Madame Chapeau l’a échappé belle!

Laurence a dévoré le livre du Dalaï Lama et décidé de passer très vite de la théorie à la pratique…

Laurence voulait apaiser les tensions entre ses deux locataires pour les convaincre de rester une année de plus à la rue d’Avril. Son petit traité de bouddhisme s’était montré intransigeant sur ce point: le problème réside dans les émotions perturbatrices. Non sans poésie, elles étaient comparées à une série de voiles qui obscurcissaient notre esprit jusqu’à nous faire perdre de vue la  nature profonde des choses.

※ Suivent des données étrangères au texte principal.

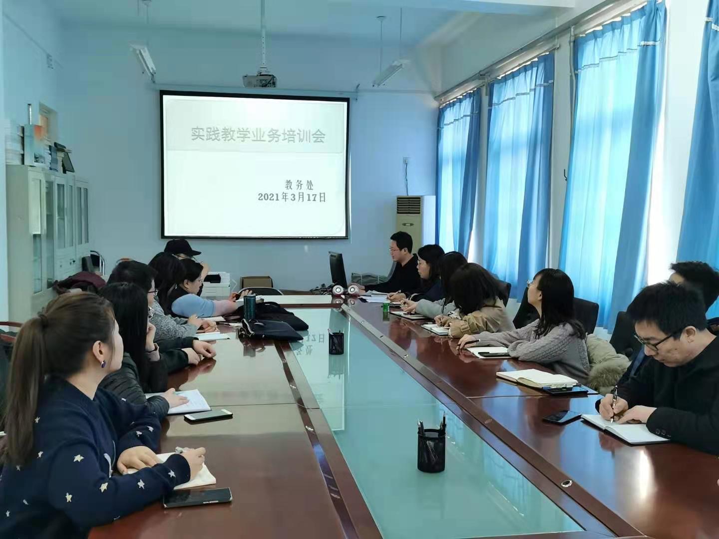 为进一步规范和改进实践教学工作,3月17日下午,我校在教务处会议室举办实践教学业务专题培训会。教务处副处长张海龙,各学院办公室主任、教学秘书以及教务处相关人员参加了培训会。培训会由张海龙主持。

Il lui restait à trouver comment expliquer à Ludo que Vinciane était une émotion perturbatrice et vice versa. Elle se dit donc que ce serait une bonne idée de les emmener voir un spectacle typiquement bruxellois pour célébrer leur la fin de leur première année dans la capitale. Elle avait acheté trois places pour Bossemans et Copenolle que l’on jouait au centre ville. Un mélange de bouddhisme et de zwanze bruxelloise, elle ne pouvait pas trouver mieux!

Dire que Vincianne et Ludo étaient enthousiastes à l’idée de passer cette soirée avec leur proprio serait exagéré mais aucun n’osa décliner l’invitation. En plus, Laurence avait fait les choses selon les règles de l’art. Elle avait non seulement prévu un apéro dans un café typiquement bruxellois des Galeries Saint-Hubert mais aussi un resto tout aussi bruxellois pour «l’after».

Armée de ses nouveaux préceptes bouddhistes, elle avait résolu de ne pas juger ses locataires, même si elle ne partageait pas leur avis. Elle leur donna quelques notions de base de bruxellois qui pouvaient s’avérer utiles comme «strotje», «y a pas d’avance» ou «skieve architek».

Dans la voiture, Vincianne écoutait d’une oreille distraite tandis que Ludo envoyait des SMS à la planète entière. Laurence faisant partie de ces gens qui n’aiment pas le silence, elle entreprit de raconter la pièce au cas où ils ne pourraient pas suivre. Tout y passa: la bière, le foot, Madame Chapeau, les crapuleux de sa strotje, Jef dans le tiroir, etc.

Entre deux répliques qu’elle connaissait bien évidemment par cœur, elle éclatait de rire et se retournait pour voir si Vincianne (qui avait pris place à l’arrière) était sensible à l’humour bruxellois. En regardant dans le rétroviseur, elle lut plus de résignation que de gaieté dans le regard de sa locataire pour ne pas parler de Ludo qui ne cherchait même pas à faire semblant.

- Mais enfin, vous ne vous intéressez à rien vous les jeunes! Ça ne vous viendrait pas à l’idée de vous plonger dans la culture populaire de la ville qui vous accueille!
- Madame Chapeau!
- Quoi, Madame Chapeau?

Ludo lui appuya la main sur la jambe et elle freina à bloc… juste à temps pour ne pas percuter une charmante veille dame coiffée d’un chapeau qui traversait le passage à piétons. Laurence était au bord de l’infarctus… Elle répétait en boucle:

- Je ne l’avais pas vue… Je ne l’avais pas vue…

Après s’être inquiétée de l’état de la petite dame (qui allait très bien), Ludo demanda à Laurence (livide) si elle allait s’en remettre. Madame Chapeau compatissait de l’autre côté de la vitre et lui répétait:

- Ça va aller, chouke, ça va aller…

La soirée fut excellente. Ils n’allèrent pas au théâtre mais ils invitèrent la vieille dame au restaurant. Ludo et Vincianne l’écoutèrent raconter ses histoires des Marolles et découvrirent les croquettes aux crevettes et le waterzooi. Laurence se dit que la voie n’avait pas peut-être pas été médiane mais que le résultat était atteint. Et comme on dit à Bruxelles: elle est pas tof la vie?